But, Corollary 20 is not the end of the story since to compute even $\text{argmin}_{t\in S}\|\nabla f(x_{t})\|^{2}$ still requires full gradient information. In the sample average approximation setting, this can be obtained by running on the full batch of data (rather than a mini-batch). However, if this is computationally infeasible or if we are in the stochastic approximation setting, then we instead have to use empirical gradients over a test or validation set. This is what we do for the full post-processing strategy presented in the following theorem.

Theorem 21

Let $(\Omega,\mathcal{F},P)$ be a probability space. Let $F:\mathbb{R}^{d}\times\Omega\to\mathbb{R}$ and assume $F(\cdot;\xi)$ is differentiable for all $\xi\in\Omega$ . Let $f=\mathbb{E}\left[F(\cdot;\xi)\right]$ . Assume $\nabla f=\mathbb{E}\left[\nabla F(\cdot;\xi)\right]$ and $\mathbb{E}\left[\|\nabla f(x)-\nabla F(x;\xi)\|^{2}\right]\leq\sigma^{2}~{}\forall x\in\mathbb{R}^{d}$ . Let $\delta_{\text{iter}},\delta_{\text{emp}}\in(0,1)$ and $T\in\mathbb{N}$ . Set $n_{\text{iter}}=\lceil\log(1/\delta_{\text{iter}})\rceil$ and $n_{\text{emp}}=\lceil 6(n_{\text{iter}}+1)\sigma^{2}/(e\gamma\delta_{\text{emp}})\rceil$ . Apply the following procedure:

1.

Sample $n_{\text{iter}}$ indices with replacement from $\{0,\ldots,T-1\}$ with probabilities $p_{0},\ldots,p_{T-1}$ to form the set $S=\{s_{1},\ldots,s_{n_{\text{iter}}}\}$ .
2.

Sample $\xi_{1},\ldots,\xi_{n_{\text{emp}}}$ independently.
3.

Run $T$ iterations of SGD with any step-size sequence $(\eta_{t})$ to form $(x_{t})$ .

Compute

\displaystyle x=\underset{t\in S}{\text{argmin}}\bigg{\|}\frac{1}{n_{\text{emp}}}\sum_{j=0}^{n_{\text{emp}}}\nabla F(x_{t};\xi_{j})\bigg{\|}^{2}.

Then,

\displaystyle P\left(\|\nabla f(x)\|^{2}>5e\gamma\right)\leq P\left(\sum_{t=0}^{T-1}p_{t}\|\nabla f(x_{t})\|^{2}>\gamma\right)+\delta_{\text{iter}}+\delta_{\text{emp}}~{}\forall\gamma>0.
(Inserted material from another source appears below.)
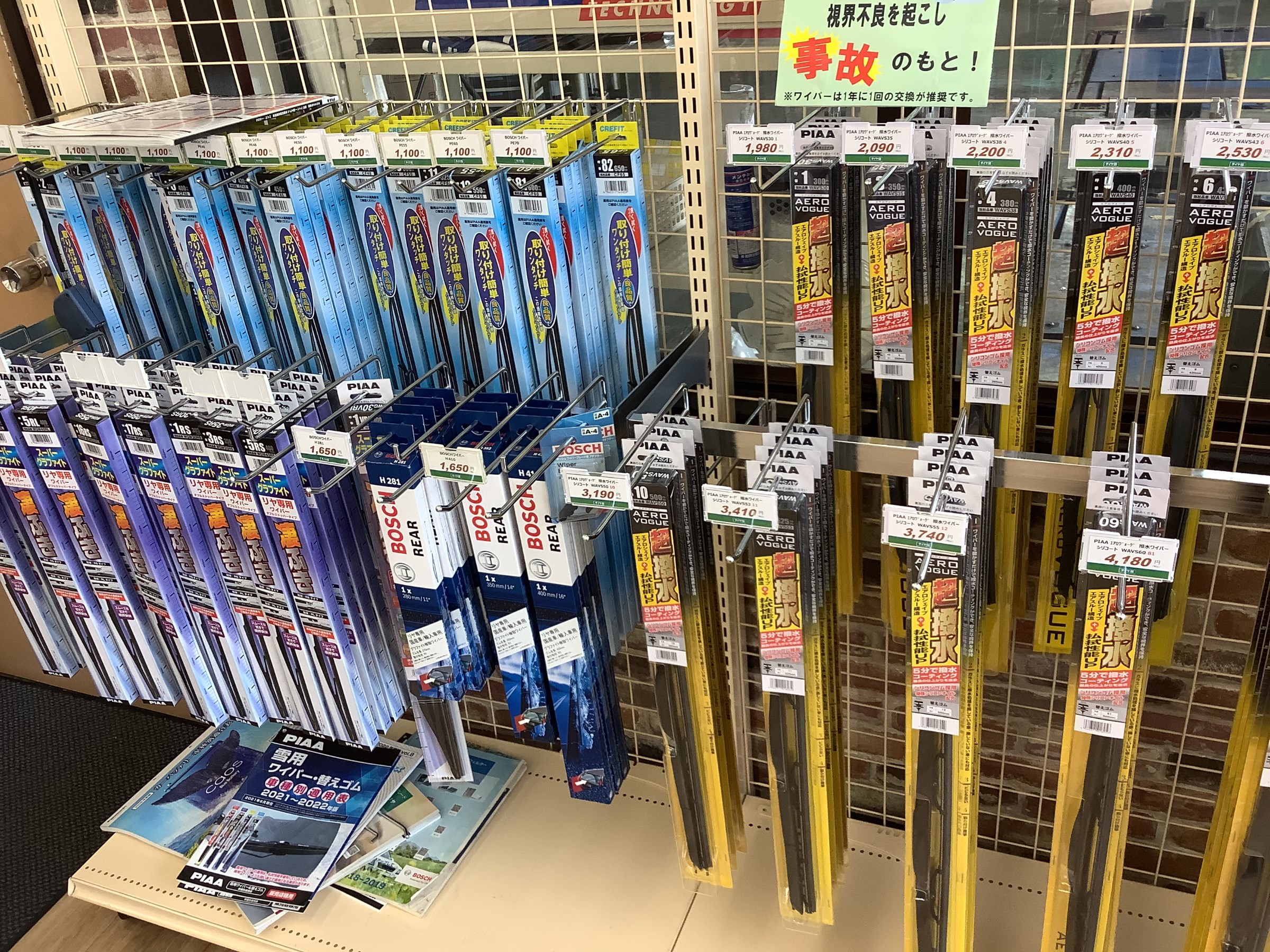 普通のワイパーより水弾きがよくなる「撥水ワイパー」もご用意してますよ

Proof Apply Theorem 2.4 of Ghadimi and Lan (2013) to get

\displaystyle P\left(\|\nabla f(x)\|^{2}>5e\gamma\right)\leq P\left(\min_{t\in S}\|\nabla f(x_{t})\|^{2}>e\gamma\right)+\frac{6(n_{\text{iter}}+1)\sigma^{2}}{e\gamma n_{\text{emp}}}~{}\forall\gamma,\lambda>0.
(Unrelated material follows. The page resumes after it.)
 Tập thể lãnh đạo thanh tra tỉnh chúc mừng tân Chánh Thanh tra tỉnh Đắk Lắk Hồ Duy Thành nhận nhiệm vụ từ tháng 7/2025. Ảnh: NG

Using the definitions of $n_{\text{iter}}$ and $n_{\text{emp}}$ , and applying Corollary 20, proves the result.

We call $\delta_{\text{emp}}$ the empirical gradient failure probability. Note that if $\|\nabla f(x)-G(x,\xi)\|$ is $K$ -sub-Weibull( $\theta$ ), then $e_{t}$ is centered and $\|e_{t}\|$ is $K$ -sub-Weibull( $\theta$ ), in which case both Theorem 15 and Theorem 21 apply, with $\sigma^{2}=2\Gamma(2\theta+1)K^{2}$ (by Lemma 6) for the latter. Also, note that for both Corollary 20 and Theorem 21, while we have to specify $T$ in advance, we only have to take $\max S$ iterations to apply the bound from Theorem 15 to the post-processing output.

7 Neural Network Example

Consider the two layer neural network model

\displaystyle x\mapsto\phi(x^{T}W)a

where $\phi$ is a differentiable activation function applied coordinate-wise, $x\in\mathbb{R}^{d}$ is a data point (feature vector), $W\in\mathbb{R}^{d\times m}$ is the first-layer weights, and $a\in\{\pm 1\}^{m}$ is the second-layer weights. If we are given a data set $X\in\mathbb{R}^{d\times n}$ and labels $y\in\mathbb{R}^{n}$ , then we can train $W$ (leaving $a$ fixed for simplicity) using the squared loss:

\displaystyle f(W)=\frac{1}{2}\|\phi(X^{T}W)a-y\|^{2}.

In this case,

\displaystyle\text{vec}(\nabla f(W))=\left(\text{diag}(a)\phi^{\prime}(W^{T}X)*X\right)\left(\phi(X^{T}W)a-y\right)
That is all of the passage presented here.